Yes, I am not arguing against having the ability to deal with it quickly - I am saying canary/ staging helps you do exactly that. Because as we see in the case of Intel CPUs and Crowdstrike some problems or scale of some problems is best prevented.

tantalor · 2024-07-22T13:55:52 1721656552

(semantic argument warning)

"Mitigation" is dealing with an outage/breakage after it occurs, to reduce the impact or get system healthy again.

You're talking about "prevention" which keeps it from happening at all.

Canarying is generic approach to prevention, and should not be skipped.

Avoiding the risk entirely (eBPF) would also help prevent outage, but I think we're deluding ourselves to say it "solves" the problem once and for all; systems will still go down due to bad deploys.

rldjbpin · 2024-07-23T07:55:43 1721721343

with the way they handled the debian crashing a little while ago, frankly they are happy to still go ahead with testing this way. still much better way to handle things than pushing to everybody at the same time.

phartenfeller · 2024-07-22T13:49:30 1721656170

Why trust somebody else not messing up? With that in place for windows and crowdstrike billions of dollars would be saved and many lives not negatively impacted ...

skywhopper · 2024-07-22T13:25:44 1721654744

The implicit assumption of the article is that eBPF code can't crash a kernel, but the article itself eventually admits that it can and has done, including last month. eBPF is a safer way of providing kernel-extension functionality, for sure, but presenting it as the perfect solution is just asking to have your argument dismissed. eBPF is not perfect. And there's plenty of things it can't do. The very sandbox rules that limit how long its programs may run and what they can do also make it entirely inappropriate for certain tasks. Let's please stop pretending there's a silver bullet.

efee22 · 2024-07-22T13:37:12 1721655432

It's not a silver bullet, however, it is still better to pushing all the panicable bugs into one community-maintained section (e.g. eBPF verifier). All vendors have an incentive to help get right and this is much better than every vendor shipping their own panicable bugs in their own out of tree kernel modules. Additionally, it's not just the industry looking at eBPF, but also academia in terms of formally verifying these critical sections.

lucianbr · 2024-07-22T13:58:06 1721656686

"Improves kernel stability" is great. "Prevents kernel crashes" is a plain lie.

> In the future, computers will not crash due to bad software updates, even those updates that involve kernel code.

Come on. Computers will continue to crash in the future, even when using eBPF. I am quite certain.

lucianbr · 2024-07-22T13:56:16 1721656576

It's casually claiming to have solved the halting problem, at least within some limited but useful context. That should be impossible, and it turns out, it is.

I expect it can be solved within some limited contexts, but those contexts are not useful, at least not at the level of "generic kernel code".

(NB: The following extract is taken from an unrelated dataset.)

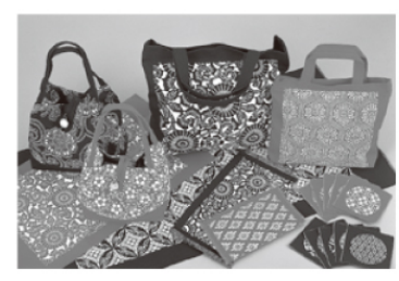
南部型染 Nanbu katazome

北上名産の「二子さとも」を使用して作られたチョコレートケーキ。相性のよいチョコレートを厳選し、ベースとカット状のダブルの頭芋を加え練り込まれており、二子さとも特有の強い粘りとココ、なめらかな食感が特徴。(株)アリーブ、ラタヴェルナ、ドルチッマ(楽天ショップ)各店舗で取扱い。

red_admiral · 2024-07-22T14:21:59 1721658119

It solves the halting problem by not being Turing complete. I presume each eBPF runs in a context with bounded memory, requested up front, for one thing; it also disallows jumps unless you can prove the code still halts.

michaelt · 2024-07-22T14:33:56 1721658836

eBPF started out as Berkeley Packet Filters. People wanted to be able to set up complex packet filters. Things like 'udp and src host 192.168.0.3 and udp[4:2]=0x0034 and udp[8:2]=0x0000 and udp[12]=0x01 and udp[18:2]=0x0001 and not src port 3956'

So BPF introduced a very limited bytecode, which is complex enough that it can express long filters with lots of and/or/brackets - but which is limited enough it's easy to check the program terminates and is crash-free. It's still quite limited - prior to ~2019, all loops had to be fully unrolled at compile time as the checker didn't support loops.

It turned out that, although limited, this worked pretty well for filtering packets - so later, when people wanted a way to filter all system calls they realised they could extend the battle-tested BPF system.

Nobody is claiming to have solved the halting problem.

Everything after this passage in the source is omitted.